Data entries
+ + + + +
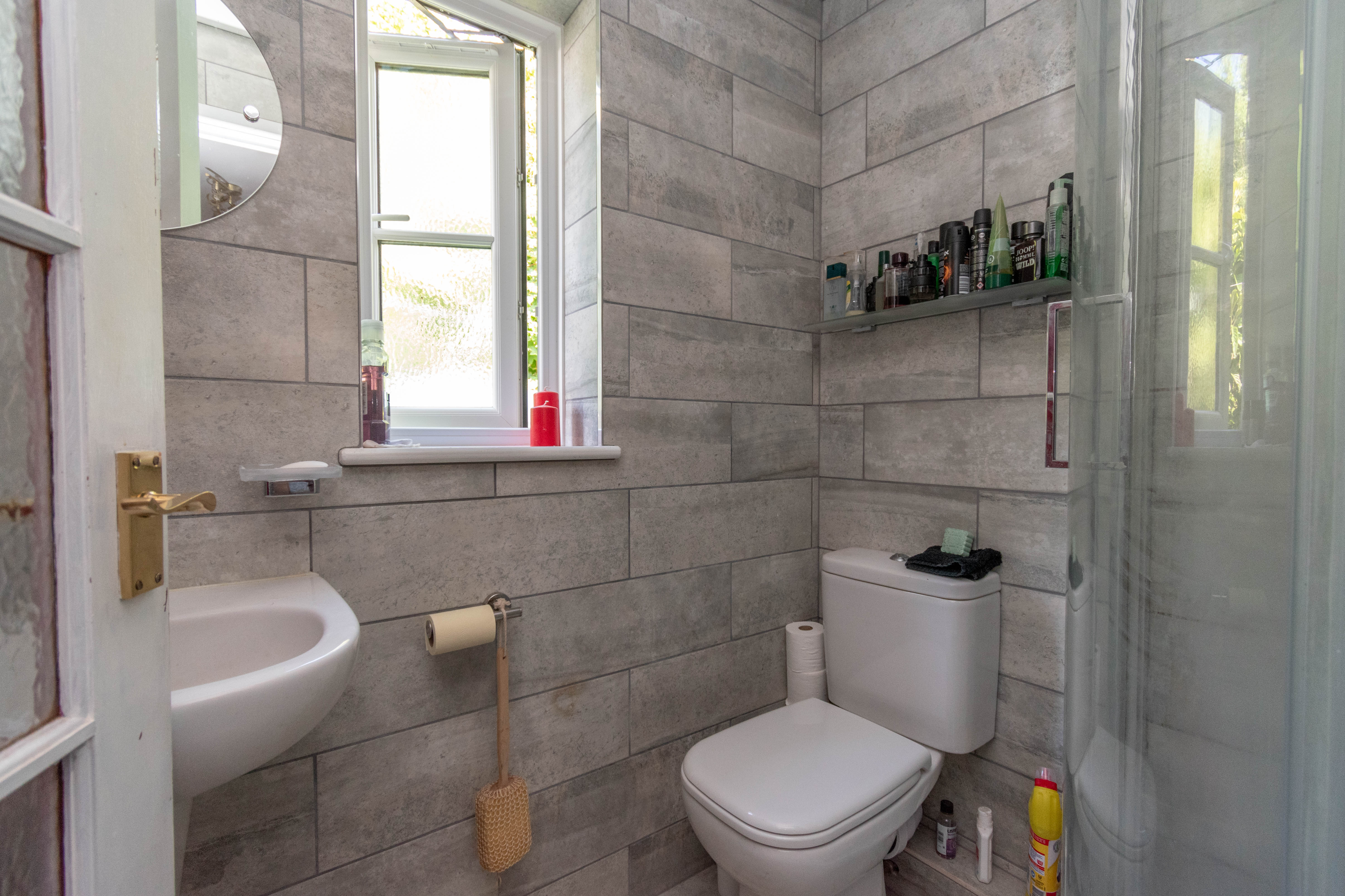 Shower cubicle with an electric shower, wash basin with tiled splashback, shaver point and light, WC. Chrome towel radiator, ceramic tiled floor and a window to the rear with obscured glass.
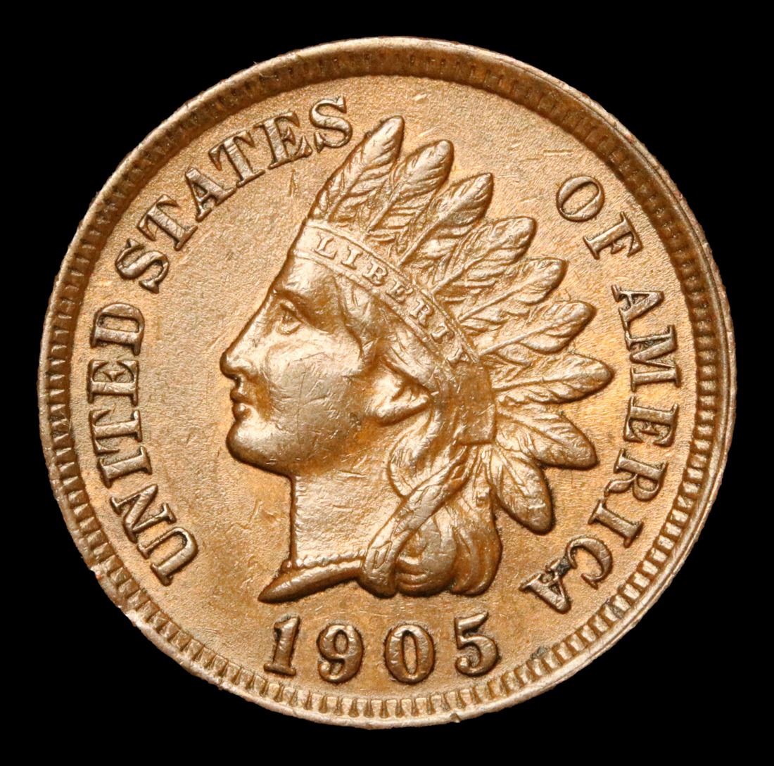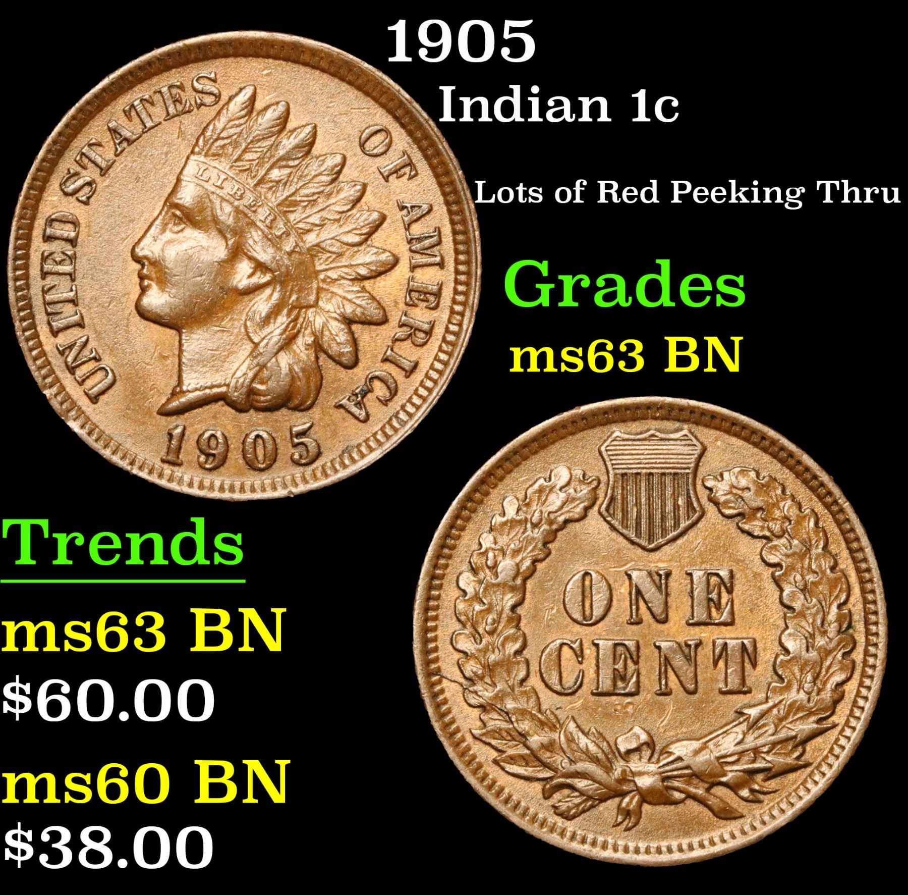 1905 Indian Cent 1c Grades Select Unc BN. Lots of Red Peeking Thru; .
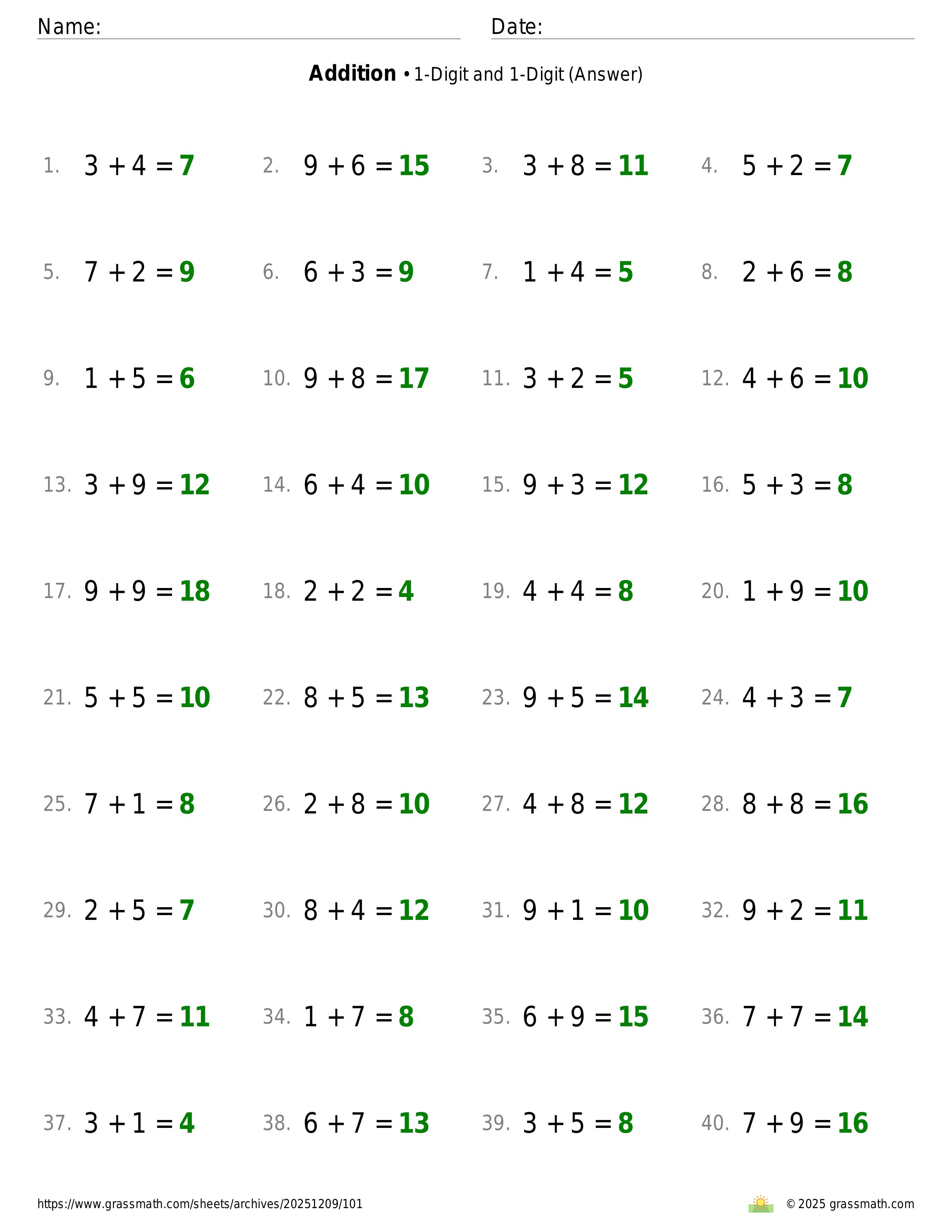 Addition 1-Digit and 1-Digit
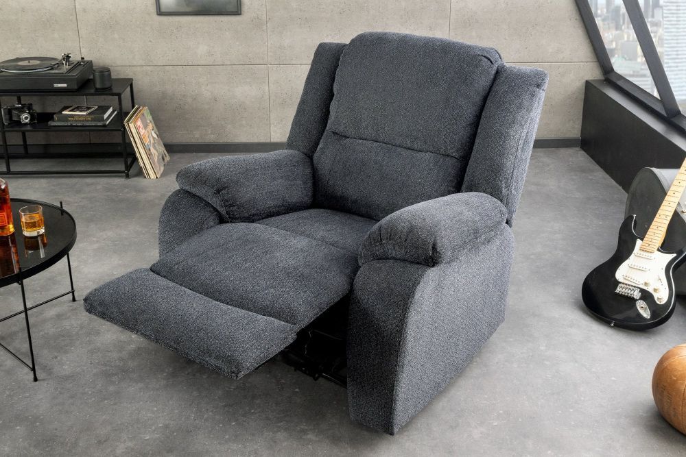Hollywood Dark Grey Fotelja unosi udobnost poput kino-sjedećih mjesta i suvremenu eleganciju u vaš dnevni boravak. Presvlaka od mekanog teksturiranog materijala pruža ugodnu, taktilnu udobnost, dok ergonomski naslon omogućuje potpuno opuštanje – bilo da se želite ispružiti ili zaviti u fotelju.
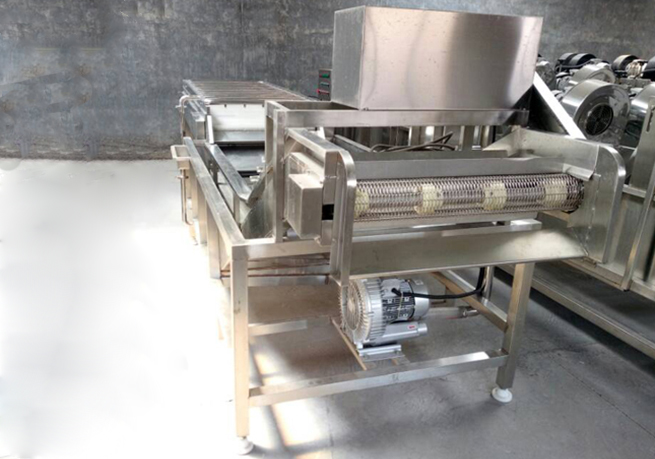 該流水線主要由清洗段、提升輸送段、震動瀝水段以及風干除水段組成,主要用于袋裝食品的高低溫殺菌后,產(chǎn)品表面油污、油漬的連續(xù)清洗及風干。
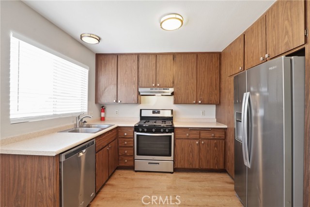 Welcome to this well-maintained, upstairs end-unit condo in the highly desirable Woodbridge community of Irvine. This spacious 2-bedroom, 1-bath home offers approximately 928 square feet of comfortable single-level living. Enjoy the privacy of a separate entrance with a private staircase leading to the second-floor front door. Inside, the spacious living room opens to a cozy balcony—perfect for relaxing or enjoying your morning coffee. The kitchen features a gas stove, stainless steel sink, stainless steel refrigerator, ample cabinet space, and a dining area for everyday meals. The bathroom features a shower/tub combo and a vanity with ample storage. The home has been freshly painted, creating a clean and inviting interior. Additional highlights include radiant heating, and a convenient in-unit side-by-side washer and dryer. Both bedrooms are generously sized, and the end-unit location provides added privacy within a quiet, well-maintained community. The unit also includes one assigned carport. Residents enjoy access to Woodbridge Village Association’s resort-style amenities, including two scenic lakes with beach lagoons, multiple pools and spas, tennis and pickleball courts, parks, tot lots, and scenic walking trails. The community is known for its peaceful setting, tree-lined streets, and exceptional lifestyle offerings. Conveniently located near top-rated Irvine Unified schools, shopping, dining, and major freeways, this home offers the perfect blend of comfort, convenience, and community living.
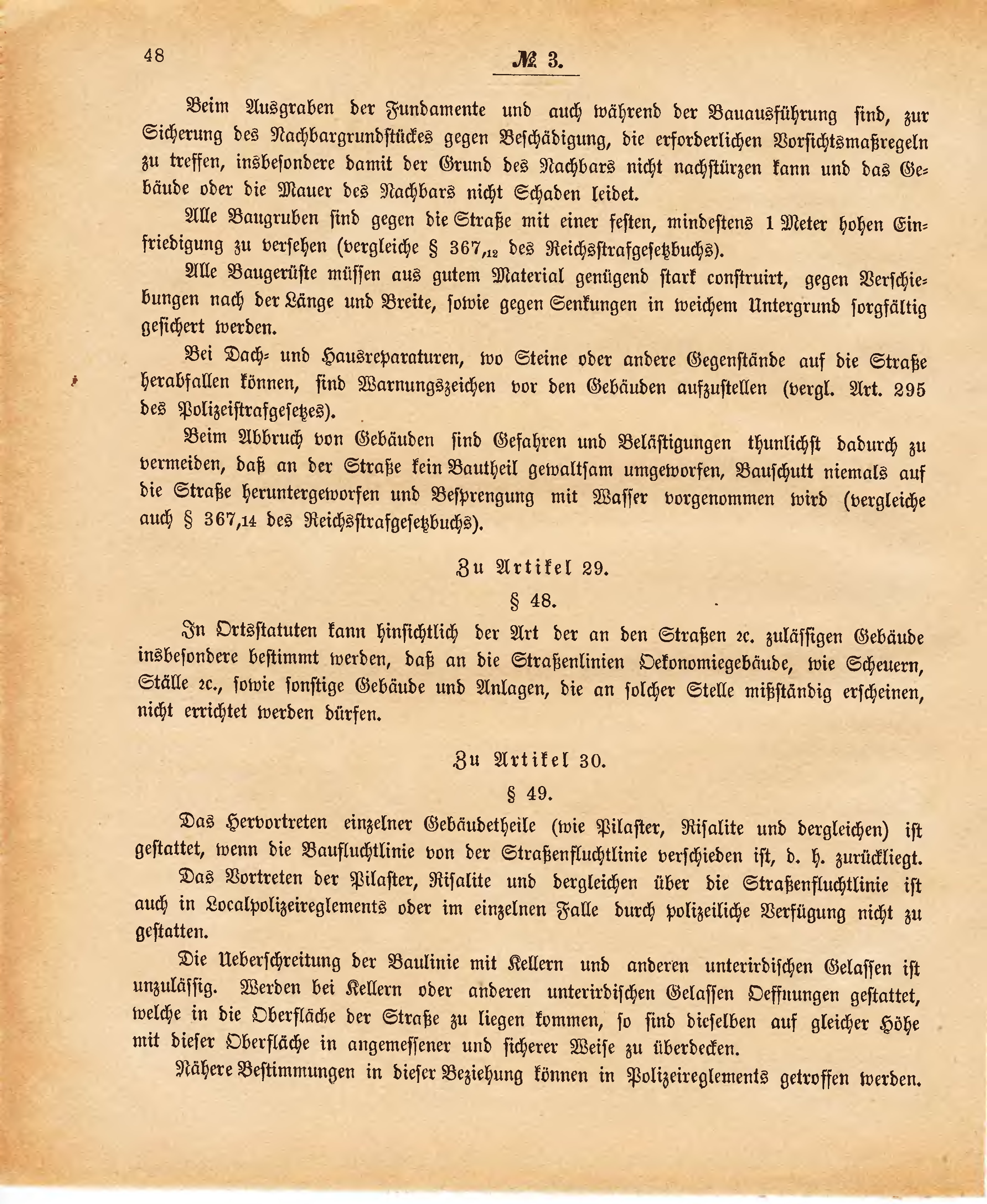 Bei Dach- und Hausreparaturen, wo Steine oder andere Gegenstände auf die Straße herabfallen können, sind Warnungszeichen vor den Gebäuden aufzustellen (vergl. Art. 295 des Polizeistrafgesetzes).
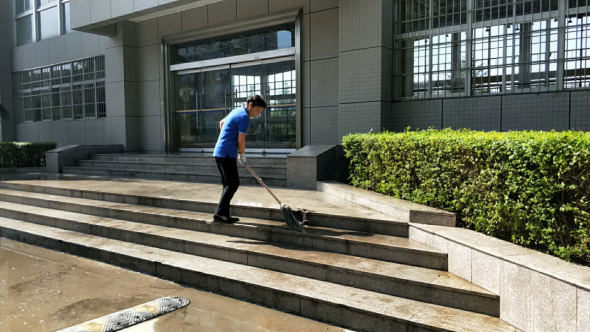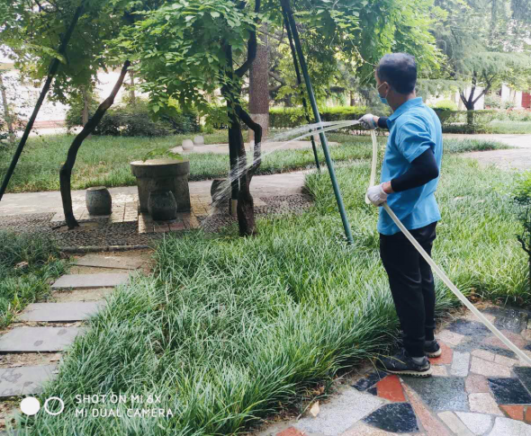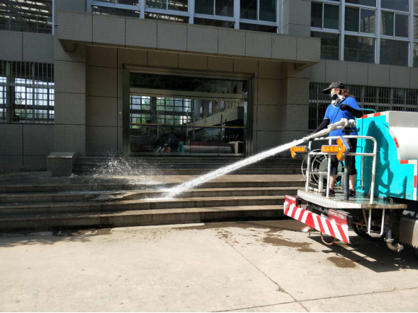一、疫情防控工作 (一)后勤管理处(集团)保洁绿化中心在对工作人员进行体温检测、登记后,严格按照校医院要求做好万象城校园环境、教室清洁、通风、消毒工作。 1、教学楼全天服务师生共计50人次; 2、考试服务保障; 2、教学楼、行政楼、2号楼、家属区消杀2次,通风3次; 3、日常保洁工作; 4、行政楼空调上和窗户外的爬山虎树叶修剪; 5、完成校园绿植养护及修剪工作。
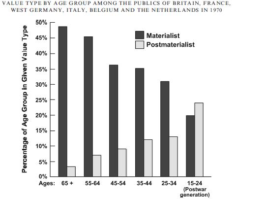 As diferenças são evidentes. Entre os que tinham mais de 65 anos, os valores materialistas ultrapassavam doze vezes os pós materialistas. Entre os que tinham nascido após a II Guerra Mundial (que tinham menos de 25 anos em 1970), os que aderiam a valores pós materialistas eram ligeiramente superiores aos que aderiam a valores materialistas. O estudo veio a revelar que, em 2006, os pós materialistas eram ligeiramente superiores aos materialistas na Europa Ocidental e duas vezes superiores nos EUA. Apesar de substanciais e rápidas flutuações e condições económicas desfavoráveis nos anos recentes, houve uma nítida transferência de valores materialistas para pós materialistas.
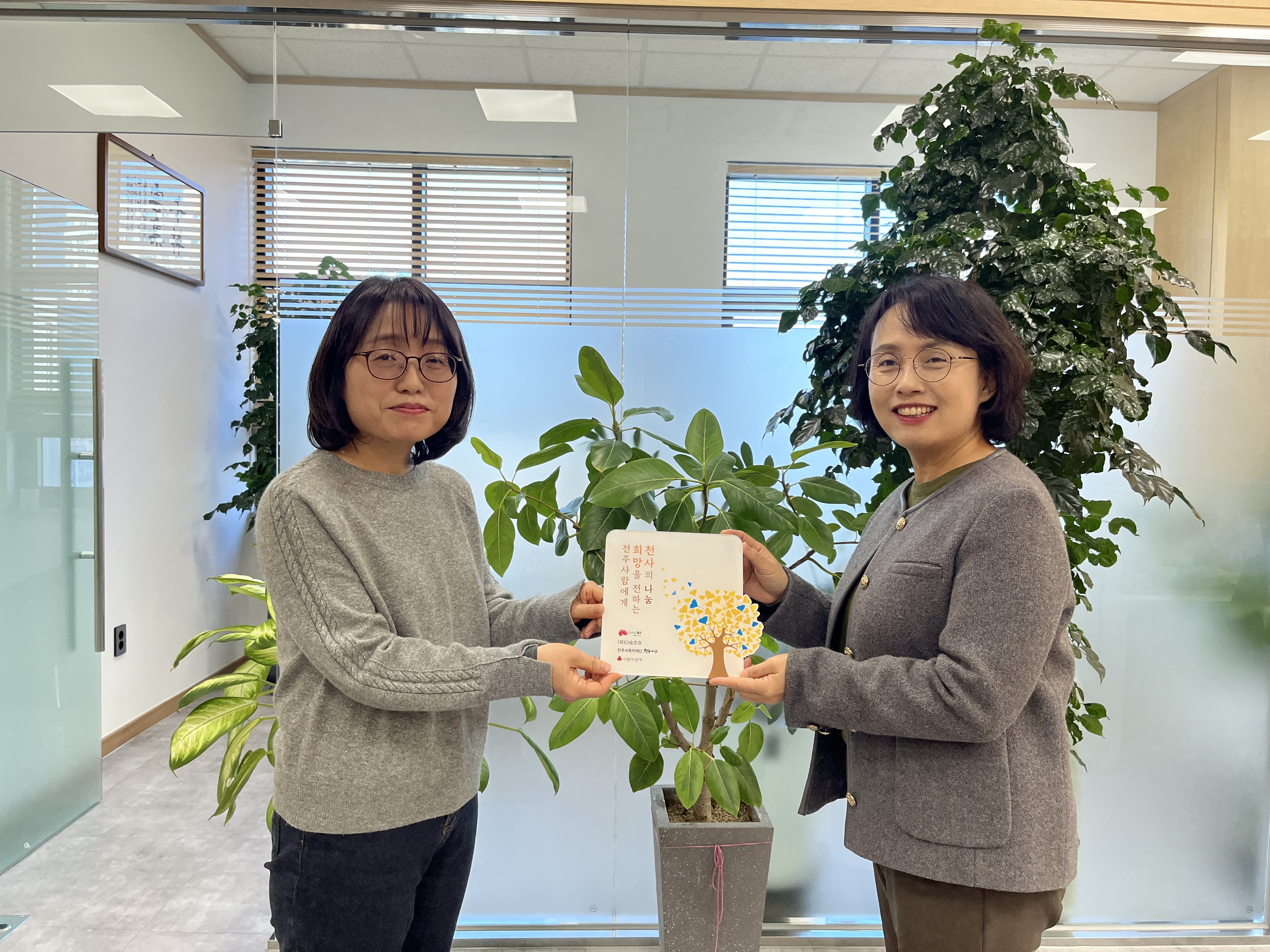 (유)다송조경(대표 양태원)은 전주시복지재단(이사장 윤방섭)에 혹한기 취약계층 지원을 위한 성금 100만 원을 기부해주셨습니다.
+ + + + +
_Exercise_
Reproduce each entry precisely. Leave the pictures out.

_Solution for this task_
 Shower cubicle with an electric shower, wash basin with tiled splashback, shaver point and light, WC. Chrome towel radiator, ceramic tiled floor and a window to the rear with obscured glass.
 1905 Indian Cent 1c Grades Select Unc BN. Lots of Red Peeking Thru; .
 Addition 1-Digit and 1-Digit
Hollywood Dark Grey Fotelja unosi udobnost poput kino-sjedećih mjesta i suvremenu eleganciju u vaš dnevni boravak. Presvlaka od mekanog teksturiranog materijala pruža ugodnu, taktilnu udobnost, dok ergonomski naslon omogućuje potpuno opuštanje – bilo da se želite ispružiti ili zaviti u fotelju.
 該流水線主要由清洗段、提升輸送段、震動瀝水段以及風干除水段組成,主要用于袋裝食品的高低溫殺菌后,產(chǎn)品表面油污、油漬的連續(xù)清洗及風干。
 Welcome to this well-maintained, upstairs end-unit condo in the highly desirable Woodbridge community of Irvine. This spacious 2-bedroom, 1-bath home offers approximately 928 square feet of comfortable single-level living. Enjoy the privacy of a separate entrance with a private staircase leading to the second-floor front door. Inside, the spacious living room opens to a cozy balcony—perfect for relaxing or enjoying your morning coffee. The kitchen features a gas stove, stainless steel sink, stainless steel refrigerator, ample cabinet space, and a dining area for everyday meals. The bathroom features a shower/tub combo and a vanity with ample storage. The home has been freshly painted, creating a clean and inviting interior. Additional highlights include radiant heating, and a convenient in-unit side-by-side washer and dryer. Both bedrooms are generously sized, and the end-unit location provides added privacy within a quiet, well-maintained community. The unit also includes one assigned carport. Residents enjoy access to Woodbridge Village Association’s resort-style amenities, including two scenic lakes with beach lagoons, multiple pools and spas, tennis and pickleball courts, parks, tot lots, and scenic walking trails. The community is known for its peaceful setting, tree-lined streets, and exceptional lifestyle offerings. Conveniently located near top-rated Irvine Unified schools, shopping, dining, and major freeways, this home offers the perfect blend of comfort, convenience, and community living.
 Bei Dach- und Hausreparaturen, wo Steine oder andere Gegenstände auf die Straße herabfallen können, sind Warnungszeichen vor den Gebäuden aufzustellen (vergl. Art. 295 des Polizeistrafgesetzes).
一、疫情防控工作 (一)后勤管理处(集团)保洁绿化中心在对工作人员进行体温检测、登记后,严格按照校医院要求做好万象城校园环境、教室清洁、通风、消毒工作。 1、教学楼全天服务师生共计50人次; 2、考试服务保障; 2、教学楼、行政楼、2号楼、家属区消杀2次,通风3次; 3、日常保洁工作; 4、行政楼空调上和窗户外的爬山虎树叶修剪; 5、完成校园绿植养护及修剪工作。
 As diferenças são evidentes. Entre os que tinham mais de 65 anos, os valores materialistas ultrapassavam doze vezes os pós materialistas. Entre os que tinham nascido após a II Guerra Mundial (que tinham menos de 25 anos em 1970), os que aderiam a valores pós materialistas eram ligeiramente superiores aos que aderiam a valores materialistas. O estudo veio a revelar que, em 2006, os pós materialistas eram ligeiramente superiores aos materialistas na Europa Ocidental e duas vezes superiores nos EUA. Apesar de substanciais e rápidas flutuações e condições económicas desfavoráveis nos anos recentes, houve uma nítida transferência de valores materialistas para pós materialistas.
 (유)다송조경(대표 양태원)은 전주시복지재단(이사장 윤방섭)에 혹한기 취약계층 지원을 위한 성금 100만 원을 기부해주셨습니다.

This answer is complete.